What is tangential loss, is its significance, while selecting any dielectrica materia
Please let me, what is tangential loss of any dielectric material. What is its significance,while selecting any dielectric material. What is the exact meaning of tangential loss. If it is more tangential loss of any dielectric material, what does it mean ?. If it is less tangential,what does it mean ?
Can you make it clear anybody.
if a material acts somewhat like a dielectric material, then you can approximate its response to microwaves as having a dielectric constant and a loss component. The dielectric determines what the physical wavelength at a single frequency will be. The loss tangent tells you how quickly the RF wave will attenuate itself as it moves along the material. It is useful, for instance, if you want to run a coaxial cable from a transmitter to an outdoor antenna 1000 feet away....the loss tangent of the material in the cable (along with resistive loss in the metal) will tell you how much of the transmit power will arrive at the antenna. The rest of the power just heats up the cable.
Another use is if you want to make a resonator filter....the sharpness of the filter's roll off, and the insertion loss at mid frequency, may be primarily determined by the dielectric loss tangent
[QUOTE=biff44;1317948]The loss tangent tells you how quickly the RF wave will attenuate itself as it moves along the material.
Dear Sir,
Why it is called "tangential" loss. Simply it may be called as attenuation loss. Why it is specifically called as a "tangential" loss.
For some material you can take as a example
For RT/ Duroid dielectric Tangential loss is 0.0009, For FR4 dielectric Tangential loss is 0.023. Some dielectric materials are having more tangential loss, some dielectric materials are having less tangential loss . What does it mean.If it is more tangential loss, what we have to understand.
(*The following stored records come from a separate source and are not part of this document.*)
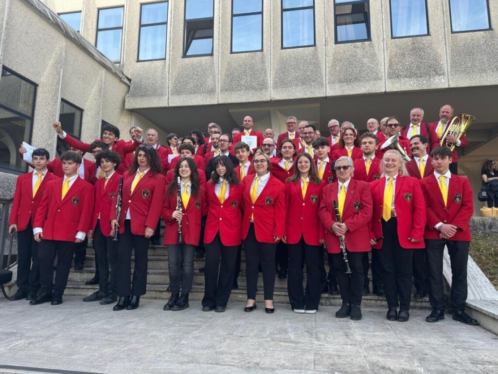 La banda musicale Città di Spoleto ha partecipato per la prima volta nella sua storia recente a un concorso bandistico nazionale, ottenendo un ottimo secondo posto al «Bacchetta d’oro» di Frosinone, nella categoria riservata ai gruppi emergenti. Il Concorso, che per due giorni ha portato in Ciociaria tantissime realtà musicali provenienti da ogni parte d’Italia, si è svolto sabato nell’auditorium Daniele Paris del Conservatorio statale Licinio Refice. La Banda di Spoleto, diretta dal Maestro Lorenzo Rosati, si è esibita con un organico di 51 elementi, eseguendo un brano d’obbligo, uno a libera scelta e una marcia. “La nostra – ha detto il presidente Matteo Filippi – è una banda in cammino e ha intrapreso un percorso di grande crescita artistica e culturale . È la prima volta che partecipiamo a un concorso di livello nazionale e prestigioso come «La Bacchetta d’oro»: ci è sembrata l’occasione giusta per valorizzare i tanti ragazzi presenti in questo momento nella nostra associazione, senza escludere dallo studio i membri più grandi e anziani. Ci siamo presentati con un gruppo eterogeneo, compatto e coeso e questo è stato premiato da un secondo posto che è ottimo e che rappresenta per noi un punto di partenza davvero stimolante. La nostra speranza è quella di trovare maggiori risorse per proseguire questo cammino: ci crediamo tantissimo e siamo convinti che una banda che porta con grande orgoglio il nome di Spoleto possa puntare ad affermarsi anche in ambito extra regionale. Voglio ringraziare tutti i musicisti per lo sforzo profuso in questi mesi e che è stato ripagato da un bel successo. Contiamo molto anche nella vicinanza di tutta la città: ne abbiamo bisogno per affrontare sempre nuove sfide. Per questo avvieremo a breve una massiccia campagna di tesseramento, confidando in una buona risposta da parte di tutti».
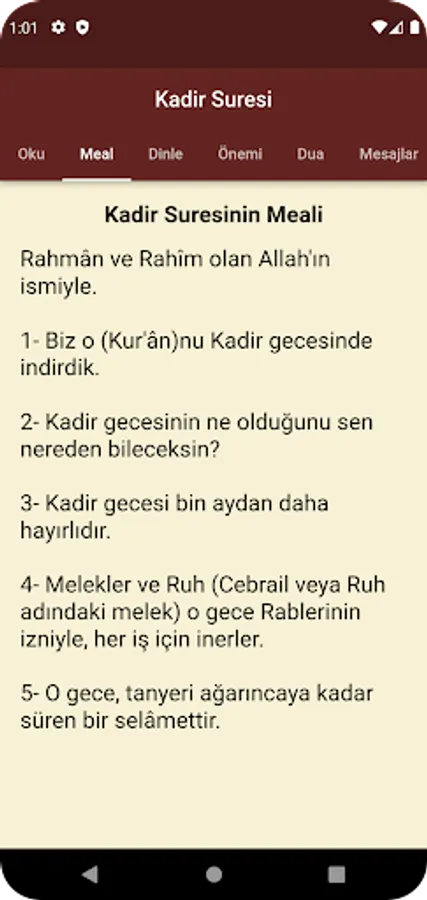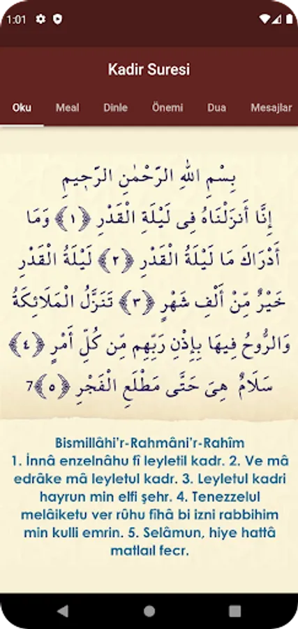 You can download and listen to Surah Al-Qadr and get detailed information. You can listen to Surah al-Qadr and memorize Surah al-Qadr at the same time. Download Surah al-Qadr works without internet. You should try our application to download Surah Al-Qadr with audio. You can also pray with Surah Al-Qadr prayers.
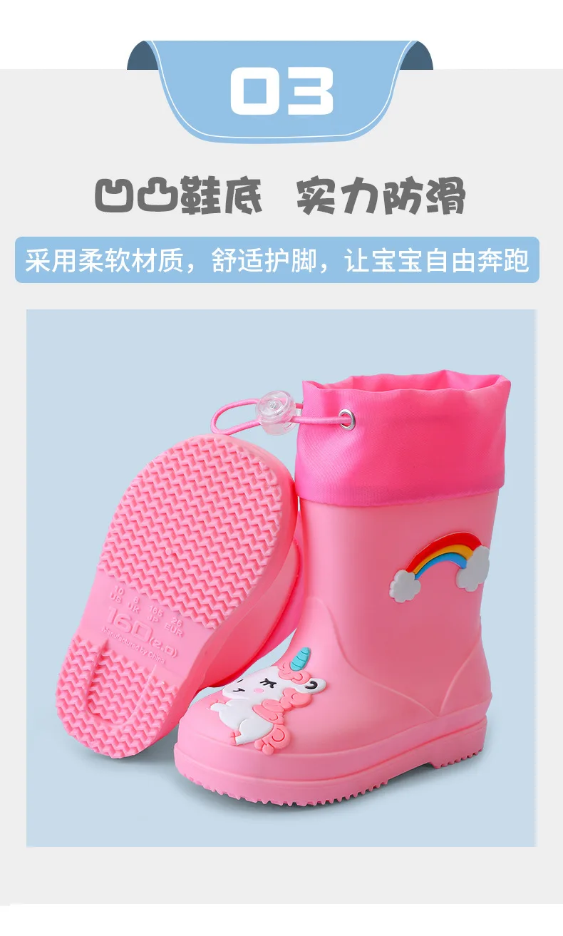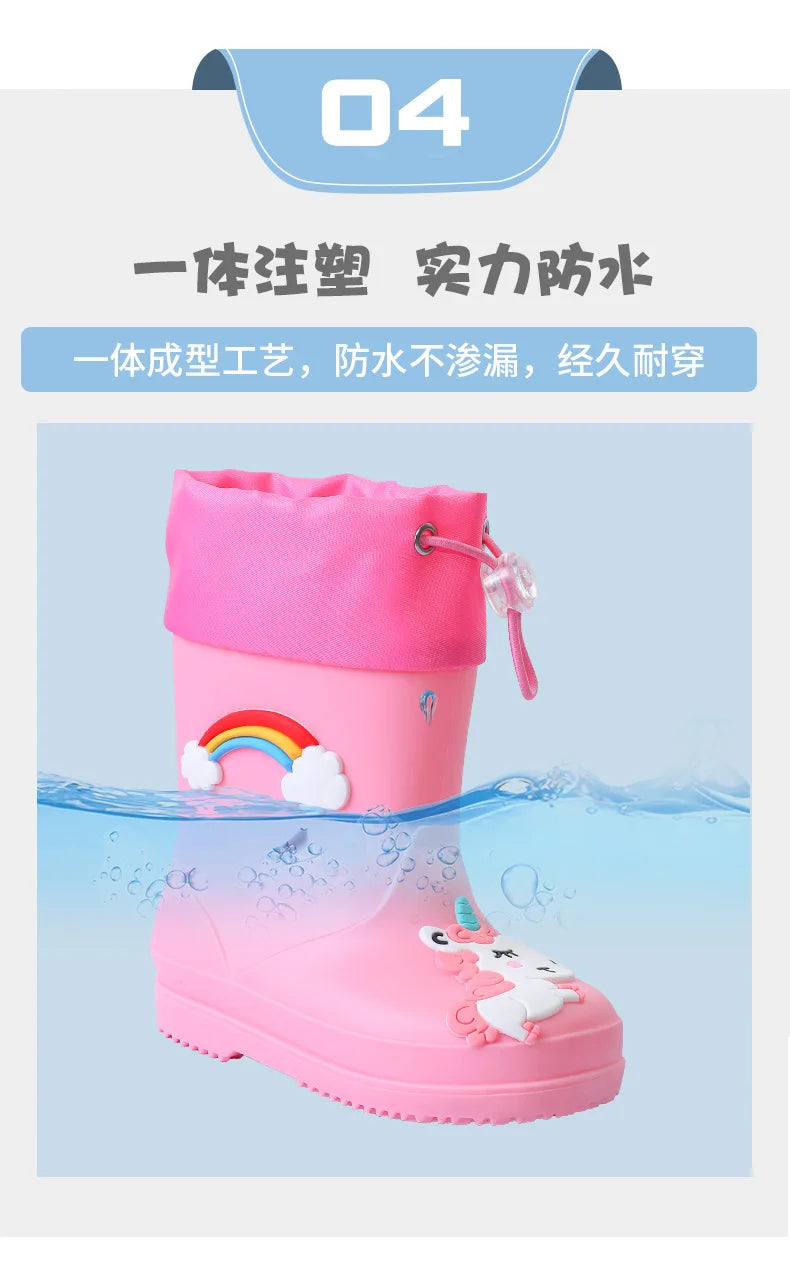 Summer children buckle rain shoes girls fashion beautiful water shoes thick soles non-slip rain boots

If it is less tangential loss, what we have to understand.
if you view the propagation constant as a vector quantity, the angle of the vector describes the propagation and the loss. Hence the "tangent" reference
check this out:
http://en.wikipedia.org/wiki/Propagation_constant
There might be some confusion. tand = loss factor= 0.0009 (or for example 0.023 for FR4 at a certain frequency). tand = (dielectric) loss factor, but is not tangential loss.
Dielectric loss of a material is mostly expressed as tand (or e' with e'', where tand = e''/e'). When you make a microstrip, both copper and dielectric loss adds to the microstrip attenuation. tand is tan(delta), where delta is the loss angle.
When you make a capacitor (all field lines go through the dielectric) of a material that has tand = 0.023, then the capacitor will have a loss resistor in series with
Rs.loss = 0.023*Xc,
Or in a parallel equivalent circuit
Rp.loss = Xc/0.023
Xc = 1/(2*pi*f*C).
In real world frequently part of the E-field is outside the dielectric and then the effective relative epsilon and effective loss tangent (tand) is less. This is also valid for microstrips as part of the E-field is above the PCB material.
Transmission line loss is proportional with rt(epsilon.relative)*freq*tand (assuming tand<<1).